In another example aspect, example implementations can provide for more energy-efficient training operations or model updates. In some scenarios, increased energy efficiency can provide for less energy to be used to perform a given number of update iterations (e.g., less energy expended to maintain the model in memory, less energy expended to perform calculations within the model, such as computing gradients, backpropagating a loss, etc.). In some scenarios, increased energy efficiency can provide for more update iterations to be completed for a given energy budget (e.g., a larger quantity of iterations, etc.). In some scenarios, greater expressivity afforded by model architectures and training techniques of the present disclosure can provide for a given level of functionality to be obtained in fewer training iterations, thereby expending a smaller energy budget. In some scenarios, greater expressivity afforded by model architectures and training techniques of the present disclosure can provide for an extended level of functionality to be obtained in a given number of training iterations, thereby more efficiently using a given energy budget.

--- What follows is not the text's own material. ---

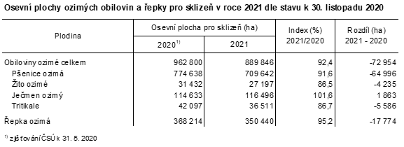 Ozimé obiloviny byly podle stavu k 30. listopadu 2020 vysety na 890 tis. ha, řepka na 350 tis. ha. Meziročně je plocha ozimých obilovin nižší o 73 tis. ha (-7,6 %), řepky ozimé o 18 tis. ha (-4,8 %).
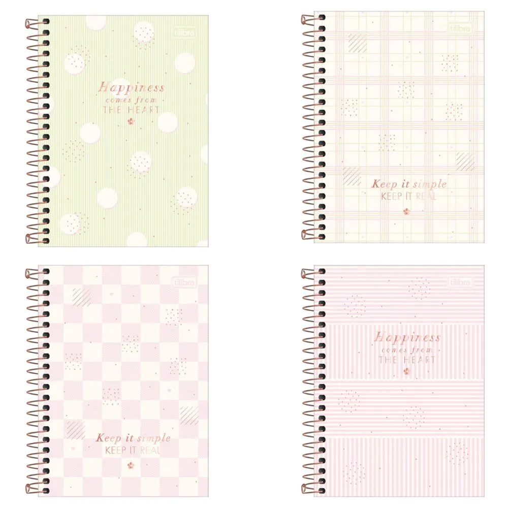 A Caderneta Espiral Capa Dura 1/8 Soho 80 Folhas possui capa dura com detalhe metalizado, parte interna decorada, folhas pautadas decoradas e espiral colorido. Ideal para o dia a dia.

In this manner, for instance, the improved energy efficiency of example implementations of the present disclosure can reduce an amount of pollution or other waste associated with implementing machine-learned models and systems, thereby advancing the field of machine-learning and artificial intelligence as a whole. The amount of pollution can be reduced in toto (e.g., an absolute magnitude thereof) or on a normalized basis (e.g., energy per task, per model size, etc.). For example, an amount of CO2 released (e.g., by a power source) in association with training and execution of machine-learned models can be reduced by implementing more energy-efficient training or inference operations. An amount of heat pollution in an environment (e.g., by the processors/storage locations) can be reduced by implementing more energy-efficient training or inference operations.

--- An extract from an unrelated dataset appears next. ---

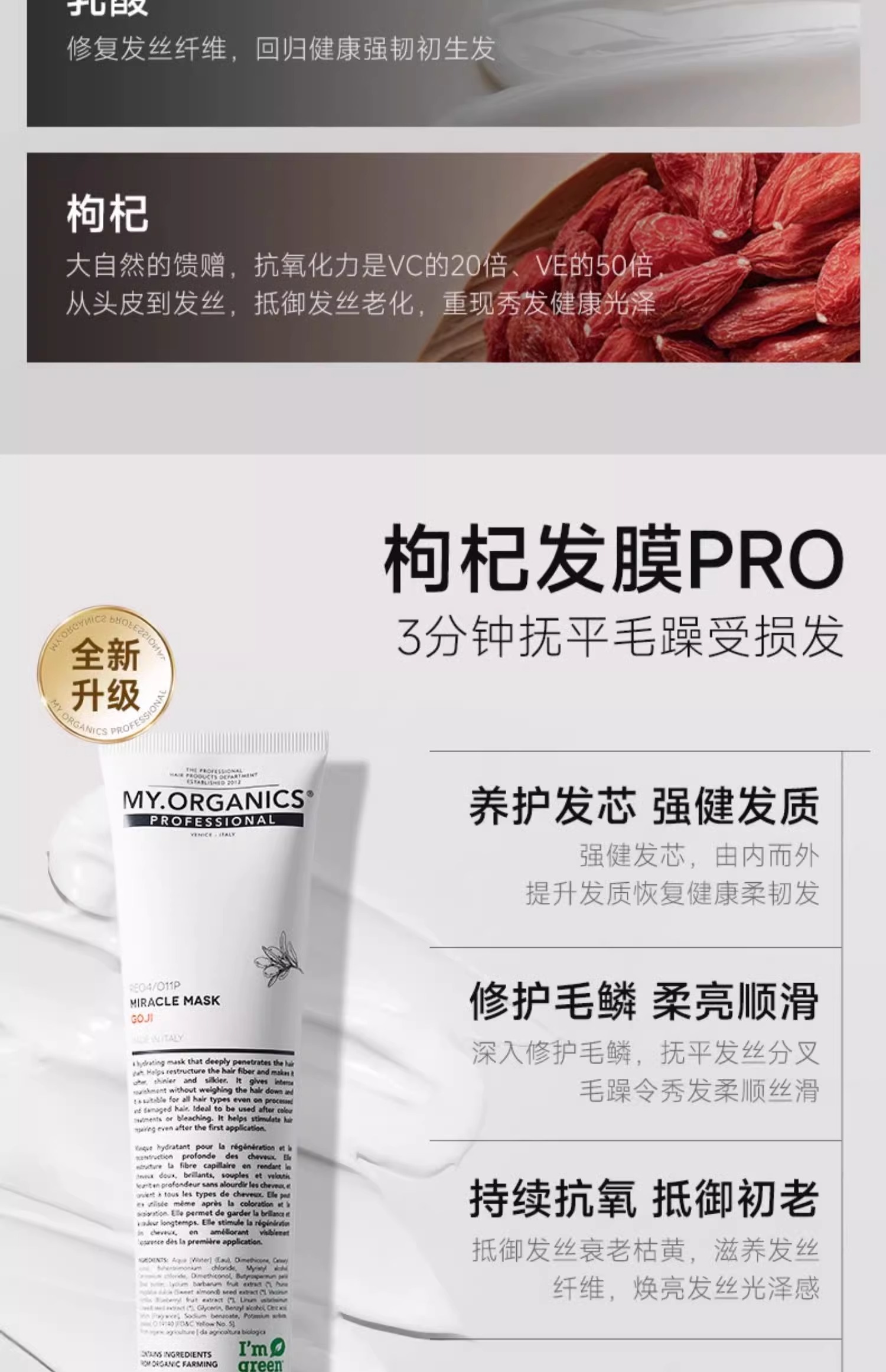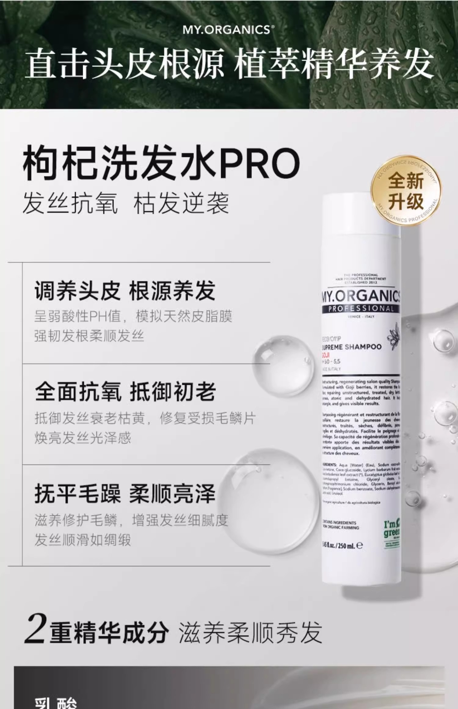 My organics 枸杞柔顺滋润洗发水pro版250ml 章小蕙推荐

With reference now to the Figures, example embodiments of the present disclosure will be discussed in further detail.

Example Devices and Systems

FIG. 1A depicts a block diagram of an example computing system 100 that performs training, deploying, and implementing heteroscedastic classifier models, according to example embodiments of the present disclosure. The system 100 includes a user computing device 102, a server computing system 130, and a training computing system 150 that are communicatively coupled over a network 180.

The user computing device 102 can be any type of computing device, such as, for example, a personal computing device (e.g., laptop or desktop), a mobile computing device (e.g., smartphone or tablet), a gaming console or controller, a wearable computing device, an embedded computing device, or any other type of computing device.

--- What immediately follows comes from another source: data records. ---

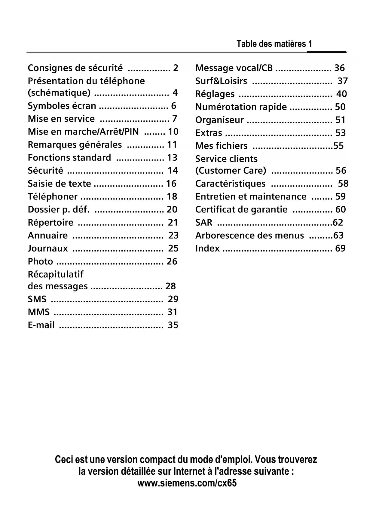 CXV65 - Téléphone mobile SIEMENS - Notice d'utilisation et mode d'emploi gratuit
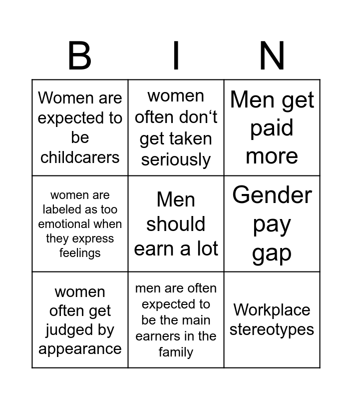 This bingo card has a free space and 8 words: Gender pay gap, Men get paid more, women often don‘t get taken seriously, women often get judged by appearance, Women are expected to be childcarers, Workplace stereotypes, women are labeled as too emotional when they express feelings and men are often expected to be the main earners in the family.
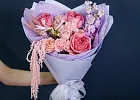 роза эквадор 50 см 3, нерине 1, маттиола 2, роза кустовая 2, гвоздика 3, пистач 3, сухоцвет, лагурус 5, упаковка, лента
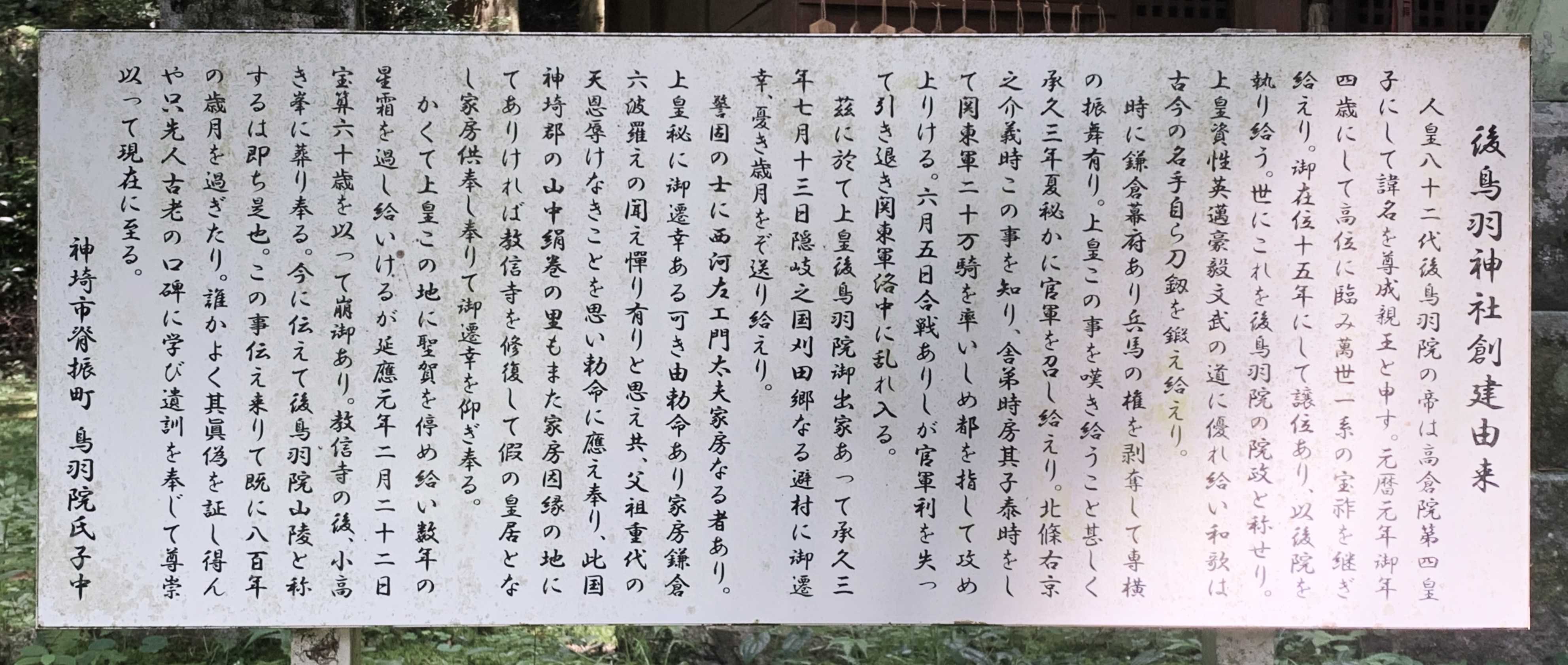 そして上の画像は、当社の由緒を撮影したもので、どのような経緯で「後鳥羽上皇」の御一行が、隠岐島から当地に身を寄せることになったのか、その背景が詳しく記されている。
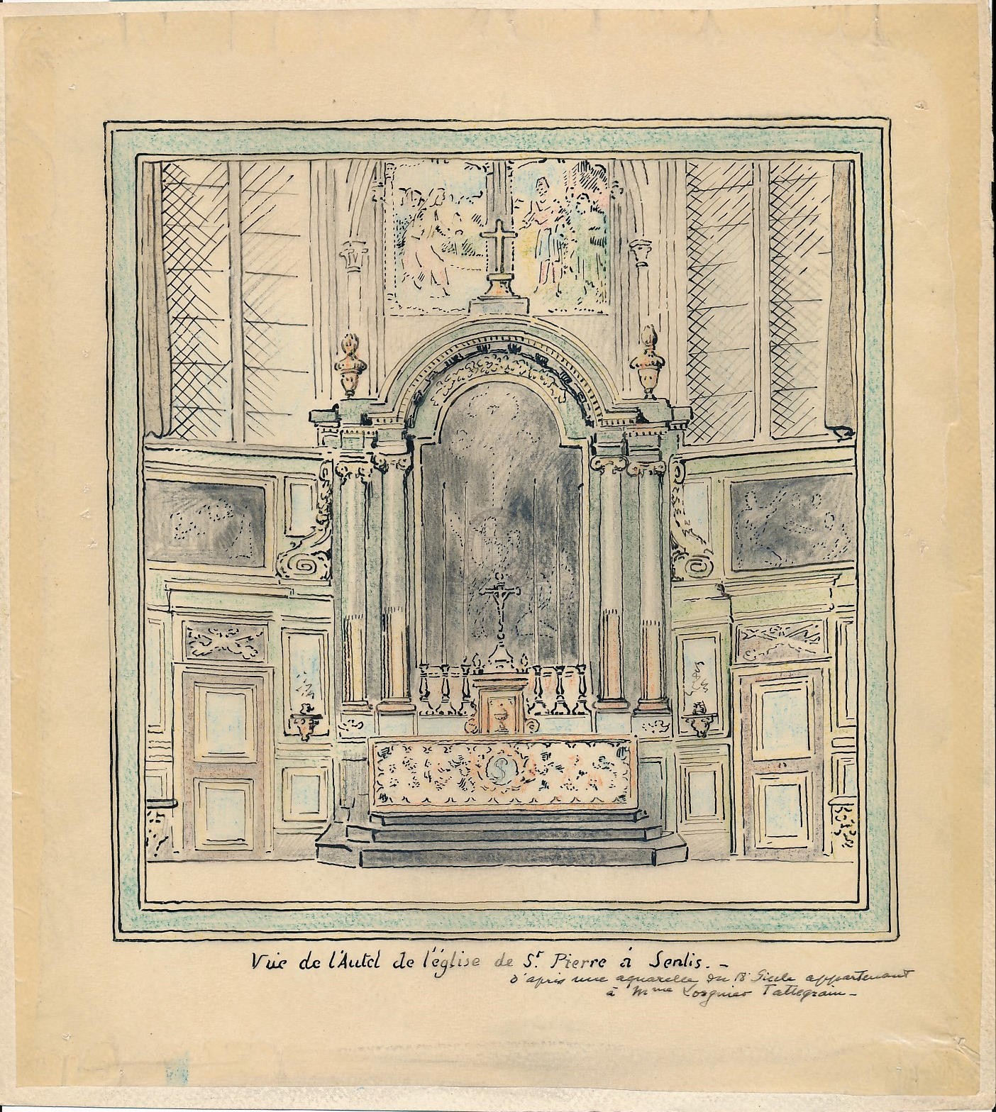 Vue de l'autel de l'église St Pierre à Senlis d'après une aquarelle du 18e siècle appartenant à Mme Tattegrain / Charles-Jean Hallo ([s.d. (20e siècle)])
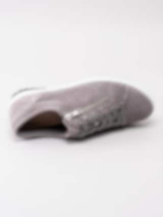 Mörkgrå snörskor Tanaro 4.0 fråm Legero tillverkade i mocka. Ljusa sömmar som detalj. Dragkedja i silver på utsidan som öppning samt grå glittrig snörning i bomull på 6 hål med öljetter i silver för att justera passform. Grått foder i textil och beige löstagbar innersula i skinn med sömlös logga. Vit mellansula med grå yttersula i syntet med randigt mönster och logga.
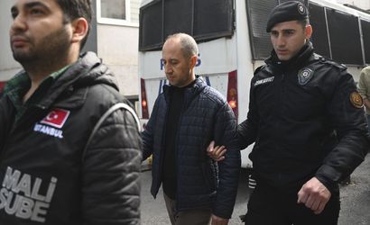 İstanbul Büyükşehir Belediyesine (İBB) yönelik yolsuzluk soruşturması kapsamında 3 ilde düzenlenen operasyonda gözaltına alınan aralarında İSKİ Genel Müdürü Şafak Başa'nın (solda) da olduğu 52 şüpheli emniyetteki işlemlerinin ardından Çağlayan'daki İstanbul Adliyesi'ne sevk edildi.
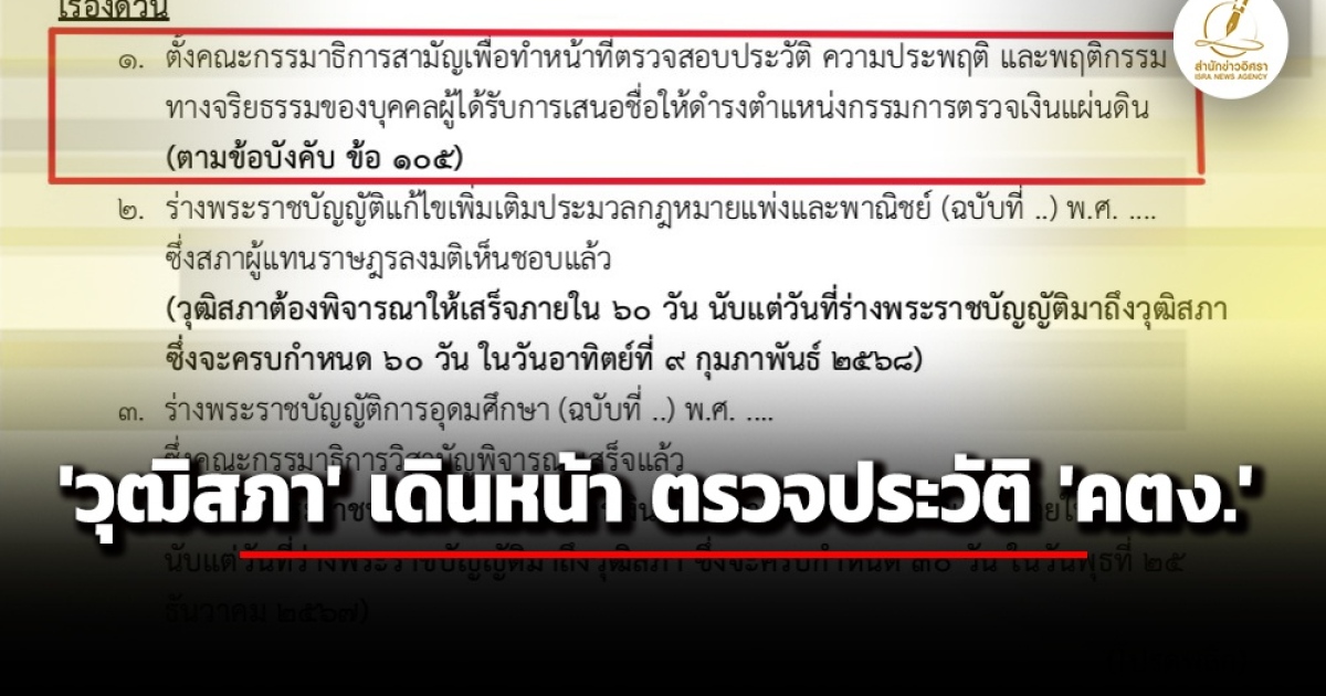 ‘ปัณณิตา สท้านไตรภพ’ เลขาธิการวุฒิสภา บรรจุระเบียบวาระ ‘เรื่องด่วน’ ตั้งคณะกรรมาธิการสามัญเพื่อทำหน้าที่ตรวจสอบประวัติ และพฤติกรรมทางจริยธรรมของบุคคลผู้ได้รับการเสนอชื่อให้ดำรงตำแหน่งกรรมการตรวจเงินแผ่นดิน แหล่งข่าวจาก สว. เผย กระบวนการได้หน้าได้ตามปกติ แม้ ศาลปกครองกลาง รับคำฟ้องการสรรหามิชอบ

The user computing device 102 includes one or more processors 112 and a memory 114. The one or more processors 112 can be any suitable processing device (e.g., a processor core, a microprocessor, an ASIC, an FPGA, a controller, a microcontroller, etc.) and can be one processor or a plurality of processors that are operatively connected. The memory 114 can include one or more non-transitory computer-readable storage media, such as RAM, ROM, EEPROM, EPROM, flash memory devices, magnetic disks, etc., and combinations thereof. The memory 114 can store data 116 and instructions 118 which are executed by the processor 112 to cause the user computing device 102 to perform operations.

In some implementations, the user computing device 102 can store or include one or more heteroscedastic (HET) classifier models 120. For example, the HET classifier models 120 can be or can otherwise include various machine-learned models such as neural networks (e.g., deep neural networks) or other types of machine-learned models, including non-linear models and/or linear models. Neural networks can include feed-forward neural networks, recurrent neural networks (e.g., long short-term memory recurrent neural networks), convolutional neural networks or other forms of neural networks. Some example machine-learned models can leverage an attention mechanism such as self-attention. For example, some example machine-learned models can include multi-headed self-attention models (e.g., transformer models). Example HET classifier models 120 are discussed with reference to FIGS. 2A-2B.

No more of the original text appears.